Take lesson on barbecue, sprinkle liberally with thermodynamics
Science and Cooking lecture series hosts chef Bryan Furman
Their plot worked perfectly.
Harvard scientists on Monday conspired with one of the nation’s top barbecue chefs to slip some science into his cherry-wood-smoked pork ribs. The academic bits came compliments of David Weitz and Pia Sörensen, organizers of the 13-year-old “Science and Cooking” lecture series. Its latest installment Monday evening was a damp and smoky, affair that, despite the threat of rain, lured an audience of about 80 of the barbecue-curious to the patio outside Harvard’s Laboratory for Integrated Science and Engineering.
The smoke came compliments of Bryan Furman, an Atlanta pitmaster who in 2019 was named one of Food and Wine magazine’s best new chefs. Furman, whose appearance Monday was an encore from a year earlier, is a former welder who has blended his knowledge of the transformative power of heat with an appreciation for the heritage hogs raised on his grandparents’ South Carolina farm, where he spent time growing up.
Furman said science was one of his favorite subjects, but his teachers weren’t able to make it as accessible, practical — and alluring — as he aimed to make his talk, “The Thermodynamics of Barbecue.” Barbecue, he said, could be used as a medium to teach not just science, but art and business as well.
“This wasn’t what they were talking about when I was in school,” Furman said. “When you’re teaching students like this, it keeps them more involved and interested, compared to just sitting in class.”
Weitz, Mallinckrodt Professor of Physics and Applied Physics at the Harvard John A. Paulson School of Engineering and Applied Sciences, kicked off the session with some scientific basics, describing diffusion of compounds and heat, both of which work to impart texture and flavor during the smoking process. He also offered a “Science and Cooking” standard: the equation of the week, which elicited appreciative applause. This particular one describes the distance that heat diffuses into a substance, L=√4Dt, where L is the distance heat diffuses, t is the time heat has to work, and D is the substance’s diffusion coefficient.
Weitz noted that the diffusion coefficients were similar for several very different foods — beef, strawberries, chicken, potatoes, and water — mainly because water is a major component of each.
Furman took over from there, moving around the large, cylindrical smoker set up on the patio as he talked, occasionally stepping through the steady plume drifting and billowing from its chimney.
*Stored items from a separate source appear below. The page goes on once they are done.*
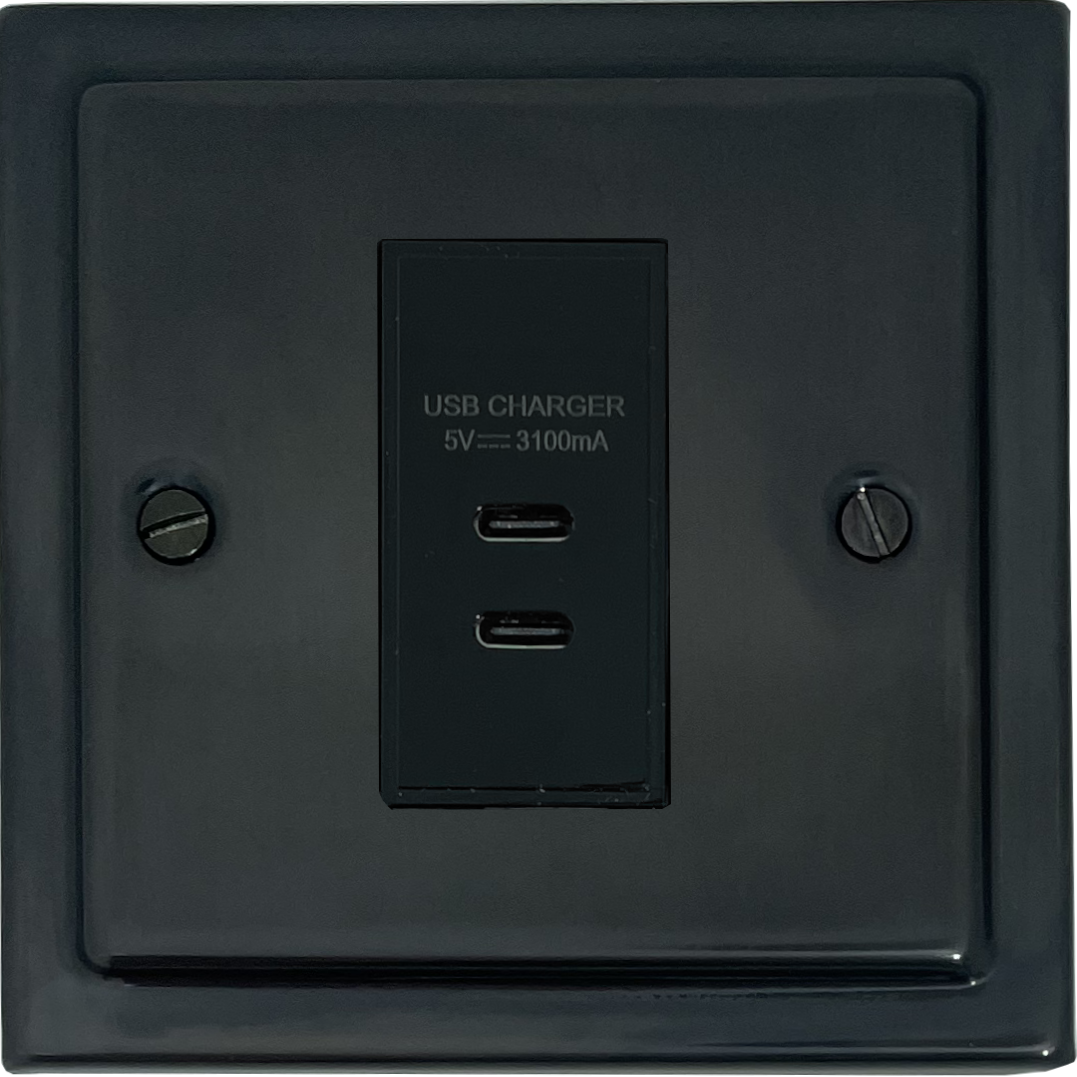 Trimline Black Bronze USB Charger (2x USB-C) (1 Gang) - G+H TBB42B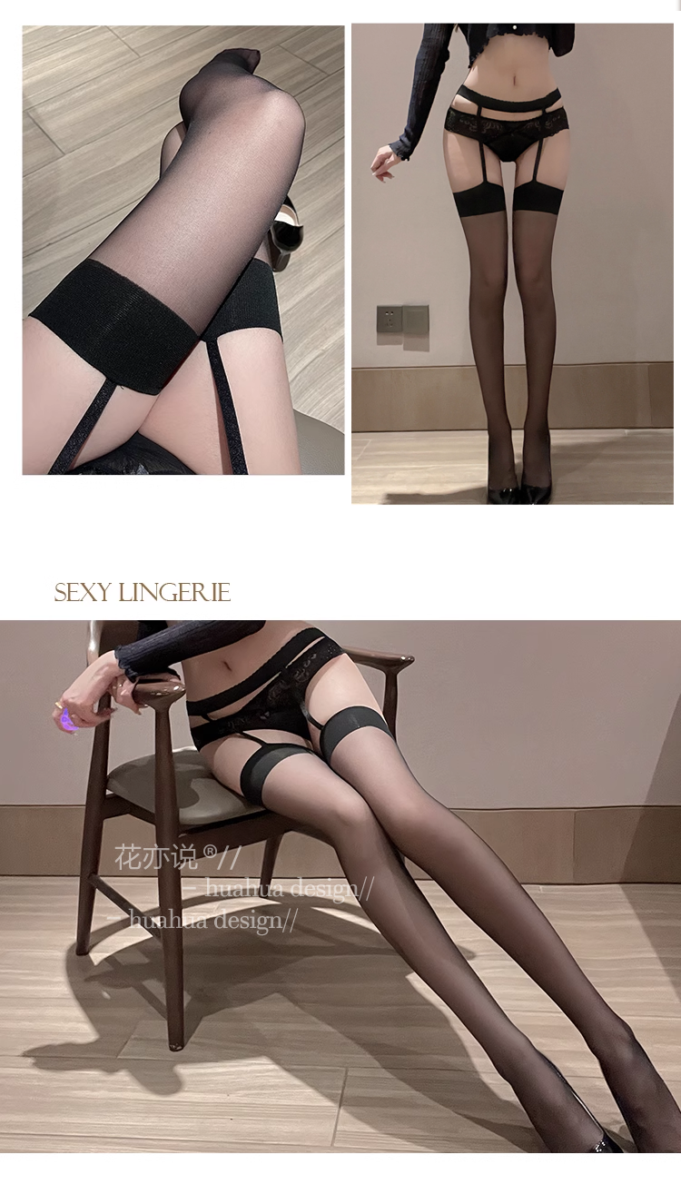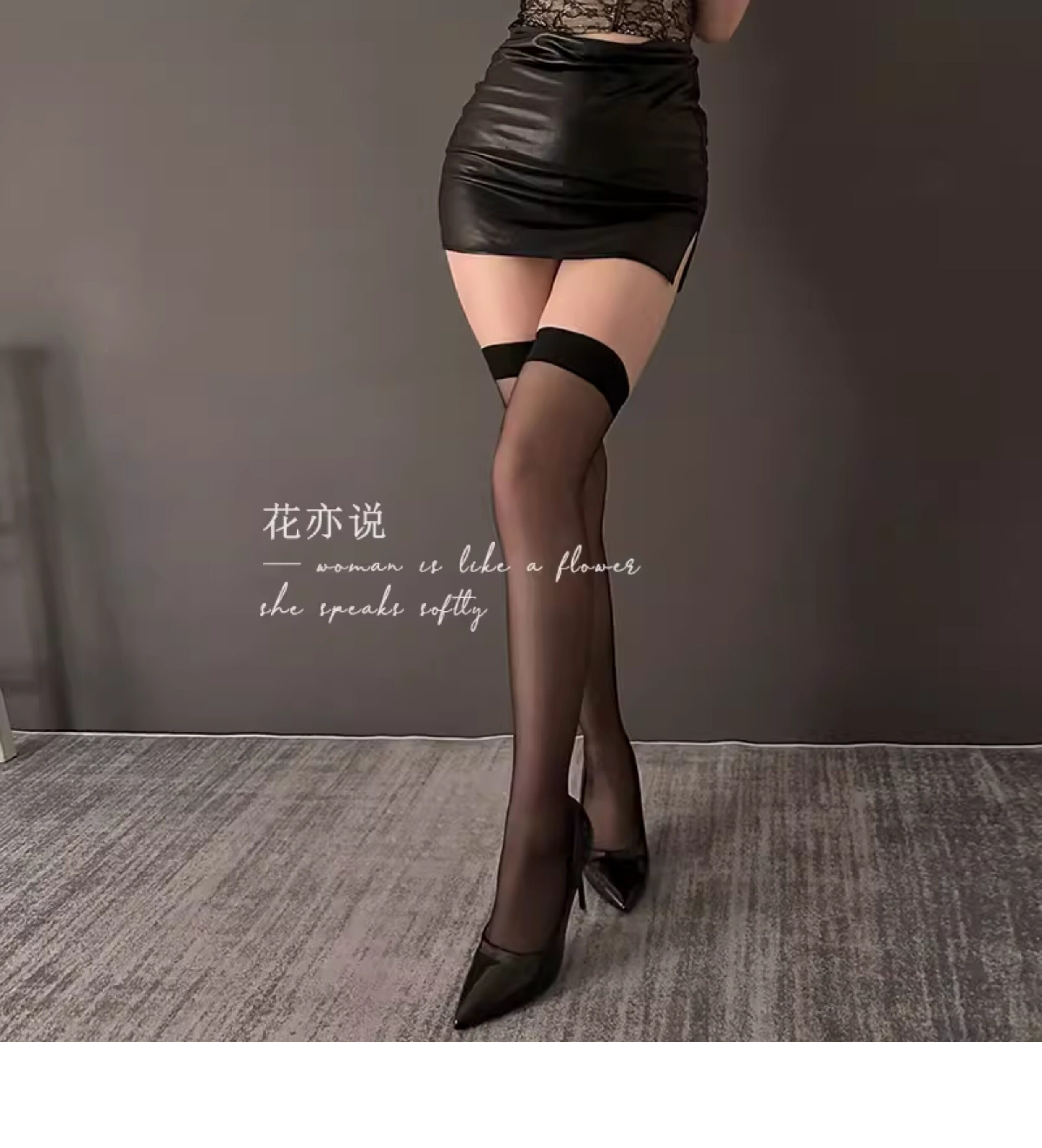 [Floral Plus Size] Sexy Red-Edged Black Stockings with Contrasting Colors, Slimming and Beautiful Legs, Mid-Calf Ultra-Thin Lace Garter Stockings All-In-One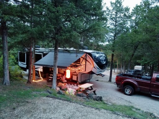 Super cute and secluded RV park. The host’s were nice, helpful, and accommodating. We got there a couple of hours early and we were able to settle in. Down the road they were working on the power and we were notified by phone that it may affect us for a few hours. It was nice of him to have called so I don’t fault them on what was out of their hands. We didn’t have electricity for most of the night, but we did have our generator so we were good. Their check-in/store had fire wood, ice and treats you could buy. Also they had a good selection of DVDs you could borrow. All in all it was nice! Only 20 minutes from Branson and about 20-30 minutes to Buffalo River. Oh, and it was very quiet which we liked. We stayed in site 26 (pull thru) which was shady for the most part.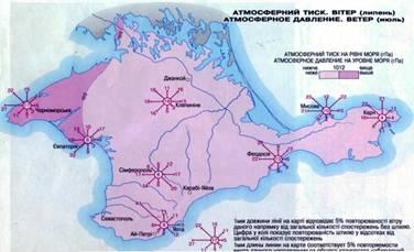На территории Крыма в среднем за год атмосферное давление у поверхности земли характеризуется следующими показателями: в прибрежных пунктах и в центральных степных районах – 760-763 мм, в предгорье на высоте около 300 м над уровнем моря – 735-740 мм, на вершинах Крымских гор на высоте 1000-1500 м – 635-615 мм.

He detailed the practical side of heat’s diffusion into the meat, carrying the cherry-wood flavor and reddish color. In addition he and Weitz discussed the process by which blood in bone marrow diffuses into the meat and that a red-colored “smoke ring” is a sign of properly cooked barbecue, done low and slow.
“I never thought that cooking barbecue would have me teaching science class, but I didn’t know there was so much science in cooking barbecue,” Furman said.
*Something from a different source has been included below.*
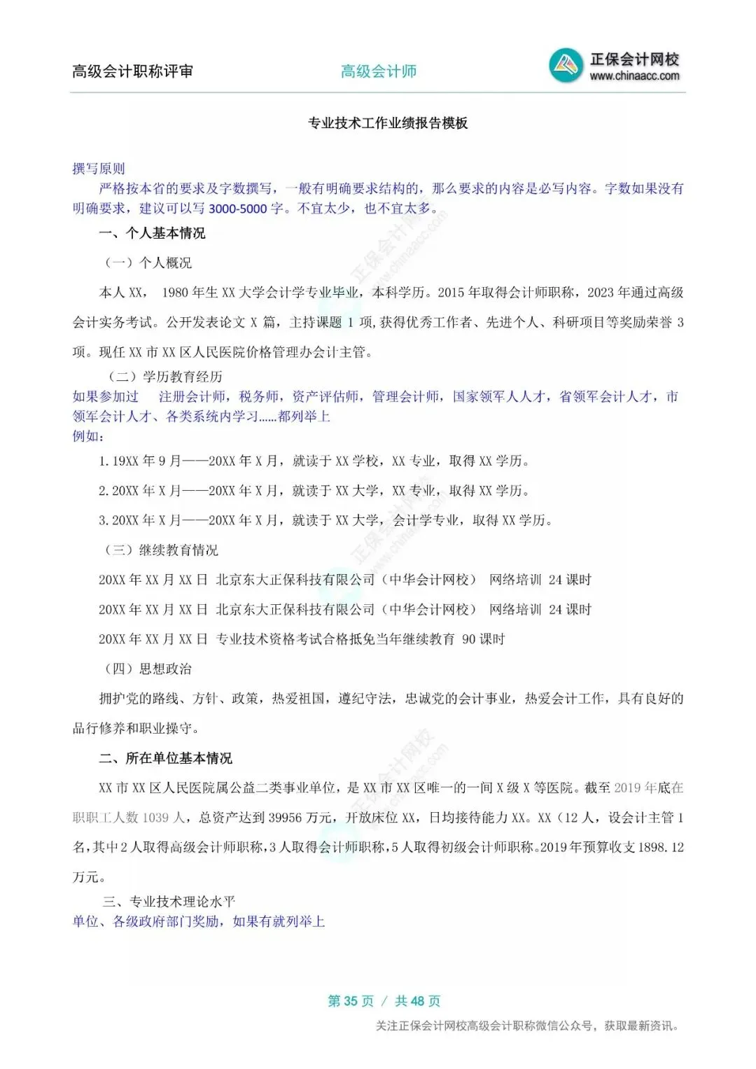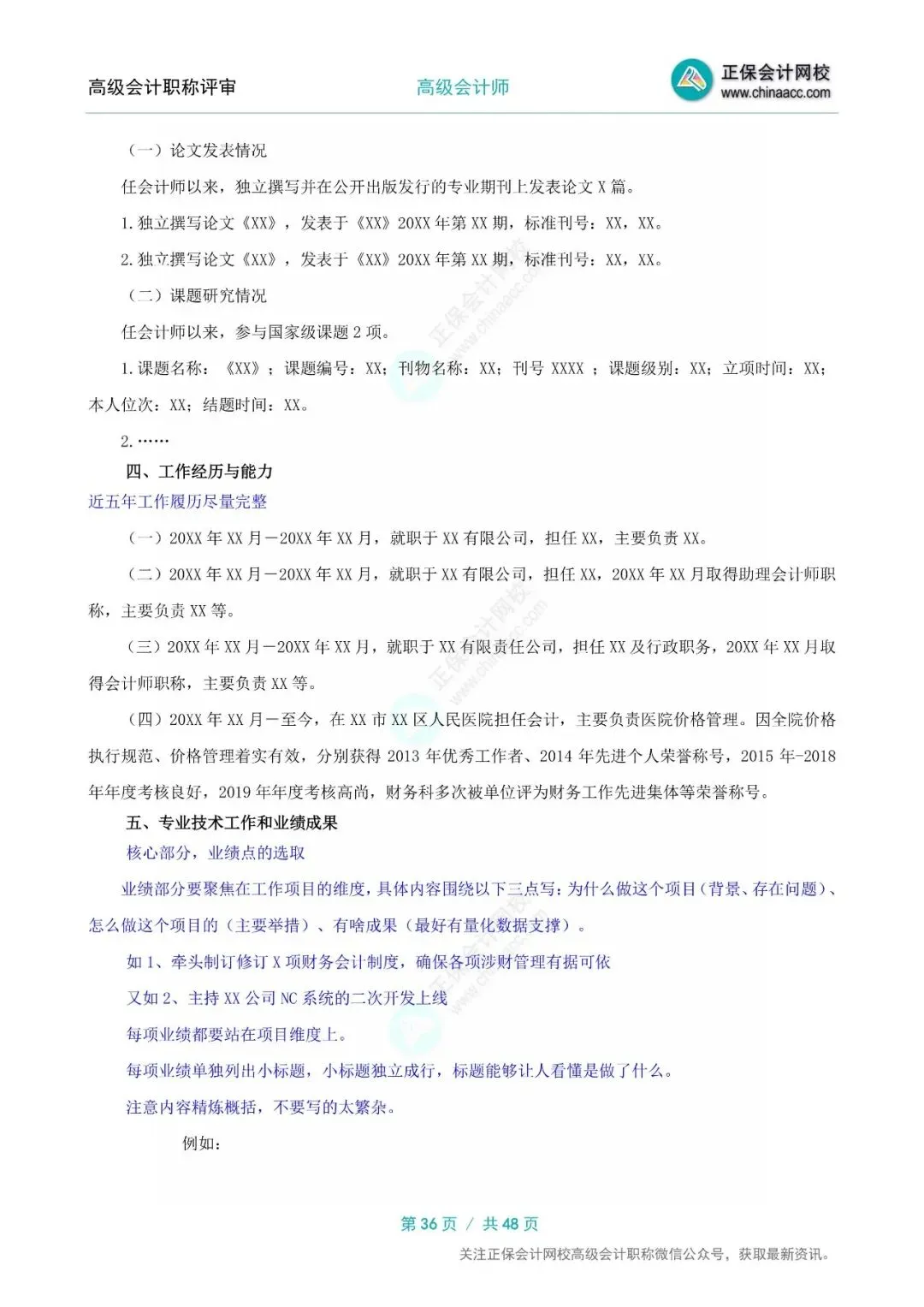 >高级会计师专业技术工作业绩报告模板(事业单位)

Furman also talked about barbecue techniques which, judging by questions from the audience, were a key interest. Time is an important element, but he cautioned against using a clock to tell when it’s done. Instead, he said, go by the meat. For ribs, he doesn’t use a thermometer, he pokes it with a finger near the bone. If it goes through, it’s done. On Monday, for example, he put the ribs on at 1 p.m., and they were done after about 3½ hours. He kept them in the smoker at a lower temperature, so they’d be hot for the audience to sample.
Furman described using a charcoal chimney to get the smoker going, why he doesn’t use sugar in his sauces and rubs (it burns), how to rescue dried-out white-meat chicken (don’t bother, just get dark meat, which is hard to dry out), and emphasized the importance of using a good cut of meat, especially for brisket. He also said, that, like many things in life, in barbecue, practice and repetition builds skill.
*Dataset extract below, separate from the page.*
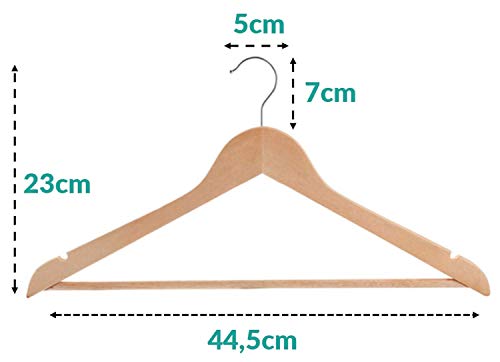 VOLUME DI CONSEGNA: set di 20 grucce in legno con barra e tacche. Composto da legno naturale finemente levigato e metallo cromato. Dimensioni: lunghezza 44,5 cm circa, altezza 23 cm circa.
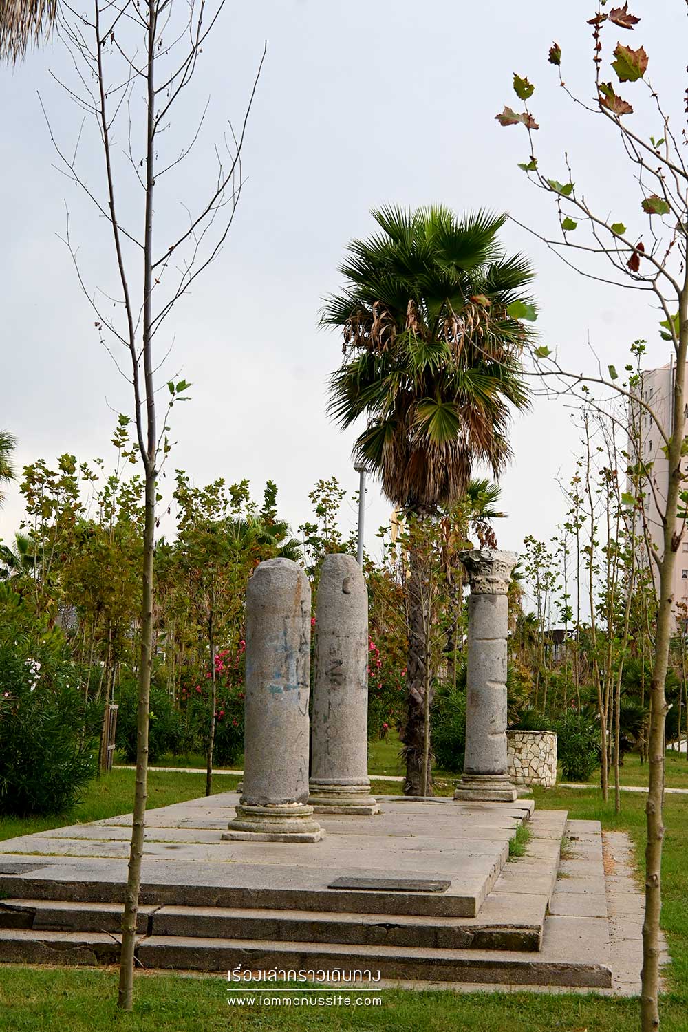 Apollonia Archaeological Park เป็นอุทยานประวัติศาสตร์ ที่มีร่องรอยของสิ่งก่อสร้างจากฝีมือชาวกรีกโบราณ ตั้งแต่ยุค 600 ปี ก่อนคริสต์กาล มีบันทึกบอกว่าที่นี่เคยเป็นศูนย์กลางการค้าสำคัญ เพราะมีทางออกสู่ทะเลได้ ต่อมาเสียหายหนักจากแผ่นดินไหวก็เลยถูกทิ้งร้างไป ยังมีร่องรอยแนวรั้วแสดงขอบเขตพื้นที่ของเมืองยาวกว่า 3 กม. มีค่าเข้าชม 600 Lek มีทั้งส่วนเป็นพิพิธภัณฑ์และส่วนร่องรอยและซากหักพังของสิ่งก่อสร้างต่างๆ ดูแผนที่แล้วเดินไปตามหมายเลขที่สนใจ มาช่วงเย็นๆก็ดีที่อากาศไม่ร้อน เดินสบายมาก

“Consistency is the key in barbecue,” Furman said. “Not just barbecue, but cooking any food. If I have nothing to do, I’ll be in my driveway, cooking a brisket. I’m not going to eat it; I’m just going to cook it.”
The lecture series is an outgrowth of a Harvard College class on the same topic and, as he did last year, Furman spent the second day of his two-day visit to campus talking to students, who got to sample his ribs on Tuesday.
Sörensen, senior preceptor in chemical engineering and applied materials, said that over the years of organizing the talks and teaching the class, she’s gained an appreciation for the similarities between how cooks and scientists approach their work, as well as the powerful draw that talking about food exerts on audiences.
“I think there is something about food that touches everyone,” Sörensen said. “They’re also curious. They want to know how to make a better brisket. They are scientists without realizing it.”